Time demands that I provide patients access quickly, start clinic on time, double my speed to make up for add-ins, or worse, late patients. Time is a constant, relentless monster, one that has apparently infiltrated my subconscious. Yet, time is relative.
Over Memorial Day weekend, my wife and I flew from San Diego to Alaska. Somewhere between those places time transforms – early summer in San Diego becomes early spring in Alaska.
When we landed, daffodils were in bloom, buds on the alders were just arriving, and the sun struggled to warm the air to 50 degrees. The daytime defied gravity: it was daylight by 4 a.m. and still so after 11 p.m. We were the first visitors this season in our little cabin near Seward.
“Your hot water might take a bit to get hot,” our host, Jim, informed us. He wore a thick flannel shirt and Carhartt workman trousers. He leaned against the cabin’s door frame with one hand at the top and the other hanging from the weight of a DeWalt drill at his side. “I made these cabins myself,” he informed. I was anxious to move on, to unpack and start exploring, but every time I tried to break away from his conversation, he extended it. He shared how a cow and calf (that’s moose talk) had come through earlier that morning. Then he told us about working in the timber industry, starting by “pulling green chain” and working his way up to being the keeper of the saws. While he talked, I watched a raven drop down from the tall Sitka spruce to a branch just across from where we parked our car. Just behind Jim, the raven was not only watching, but also listening in on our conversation. Jim pointed, “That bit of snow over there was all that was left from the 12-foot-high snow earlier this year.
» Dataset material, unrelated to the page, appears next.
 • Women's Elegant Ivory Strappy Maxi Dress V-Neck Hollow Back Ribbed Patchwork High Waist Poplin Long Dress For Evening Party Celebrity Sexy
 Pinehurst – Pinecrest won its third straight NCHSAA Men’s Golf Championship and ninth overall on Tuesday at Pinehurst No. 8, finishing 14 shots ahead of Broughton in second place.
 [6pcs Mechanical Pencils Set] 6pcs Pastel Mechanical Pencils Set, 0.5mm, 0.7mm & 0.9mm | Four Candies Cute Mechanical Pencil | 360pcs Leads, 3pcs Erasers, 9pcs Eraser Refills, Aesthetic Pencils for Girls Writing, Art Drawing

It was an easy winter.” He then advised we should start our trip with a visit to Exit Glacier. It was reachable by road and an easy hike.
Staying upright on the steep trail to the glacier’s Harding Icefield concentrates the mind. Looking down and across the glacial outwash, I imagined how the ice once thousands of feet above my head carved a valley from rock. Ice compacted so completely and so deep that only blue light escapes. Indeed, a glacier is just a pile of unmelted snow, thousands of years in the making. The Kenai fjords, deep enough that humpback whales swim there, were carved from granite – at glacial speed. Some of the rocks there contain fossils all the way from the tropics. They were transported by the Pacific tectonic plate that has rotated counterclockwise from the equator to Alaska over millions of years – at tectonic speed. Life here has a way of sharpening your focus, allowing you to see perspective as exists in nature. Alaska is so old that an ob.gyn. could have seen his or her first patient here – a mother with a stillborn child – at the Upward Sun River, 11,500 years ago, where in 2013, the fossil remains of a late-term fetus dating back to that time was discovered. It is indeed relative.
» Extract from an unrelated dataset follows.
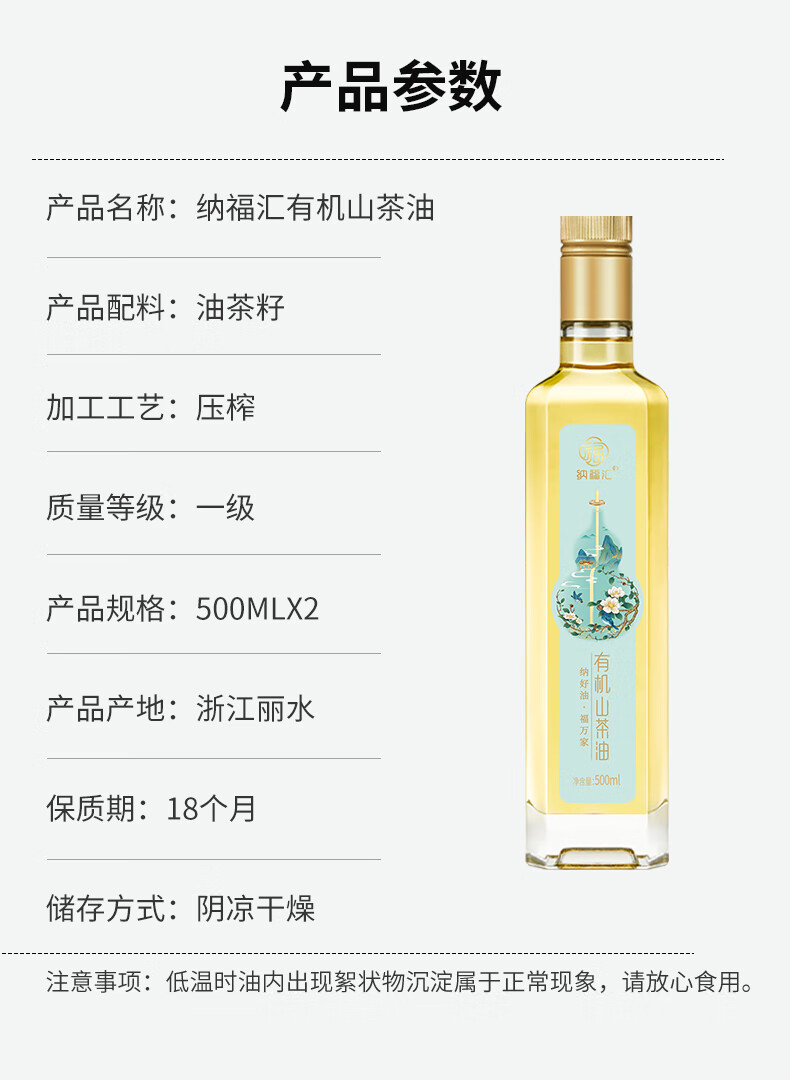 商品名称:纳福汇 纳福汇有机山茶油福禄礼盒500ml*2

After a long hike, a crispy, hot halibut sandwich, we made it back to our cabin. There was no WiFi or reliable cell service, no TV, no Netflix. We read in bed by daylight. I slept soundly, despite the bright light. No nightmares. No monsters.
The next morning, as I sipped my steaming coffee on our porch, the raven didn’t waste much time to stop by. He paused before coming nearly eye to eye on the roof of the firewood shed in front of me. He looked me up and down and cackled. Not a cawh, not warning me of my intrusion, but rather a vocalization. He just wanted to strike up a conversation with the first guest of the season. He had nothing but time.
On our last night, I lit a fire with wood Jim had cut for us (with help from lots of lighter fluid). Jim ambled over to say goodbye. When I mentioned we had a 2½ hour drive back to Anchorage, he said 3 hours wasn’t a long time for Alaskans. He’d made that drive many times when his kids were little just to take them to McDonald’s. I asked if he ever got burned out, living here. He gave a long pause, turning his chin up, letting the question sink in before constructing an answer. “Burned out? Huh. I don’t know. I guess like when I was pulling green chain in the saw mill. I was pretty tired by the end of the day. But that’s how we sleep so good in Alaska.”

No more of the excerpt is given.